▶ [Task item]
Exactly the lines from the one containing "Un jersey amplio, suave" through the end of the data, and nothing more, should be retyped; pictures stay out.

▶ [Recorded data]
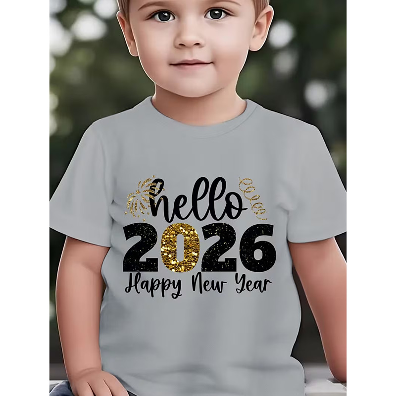 Boys' 3D 2026 New Year'S Party Graphic Letter T shirt Tee Short Sleeve 3D Print Summer Spring Sports Fashion Streetwear Kids 4-12 Years Crew Neck Outdoor Casual Daily Regular Fit
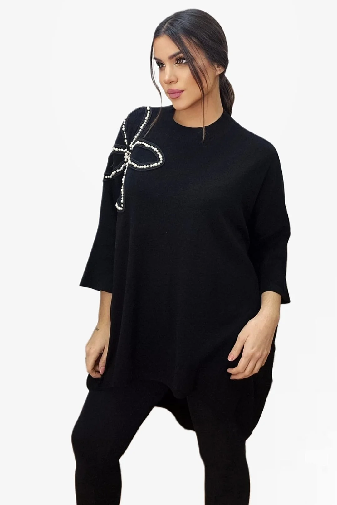 Un jersey amplio, suave y con un diseño que marca la diferencia gracias a su aplicación de flor en perlas, que aporta un toque luminoso y sofisticado. Su corte oversize ofrece una caída fluida y muy favorecedora, ideal para vestirte con estilo sin renunciar a la comodidad.
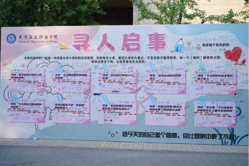 “寻人启事”签名墙,鼓励学生们化身生活的“记录官”与“发现者”,用放大镜捕捉生命的美好瞬间,在寻找自我的过程中收集温暖、积攒自信。

▶ [Answer to this task]
 Un jersey amplio, suave y con un diseño que marca la diferencia gracias a su aplicación de flor en perlas, que aporta un toque luminoso y sofisticado. Su corte oversize ofrece una caída fluida y muy favorecedora, ideal para vestirte con estilo sin renunciar a la comodidad.
 “寻人启事”签名墙,鼓励学生们化身生活的“记录官”与“发现者”,用放大镜捕捉生命的美好瞬间,在寻找自我的过程中收集温暖、积攒自信。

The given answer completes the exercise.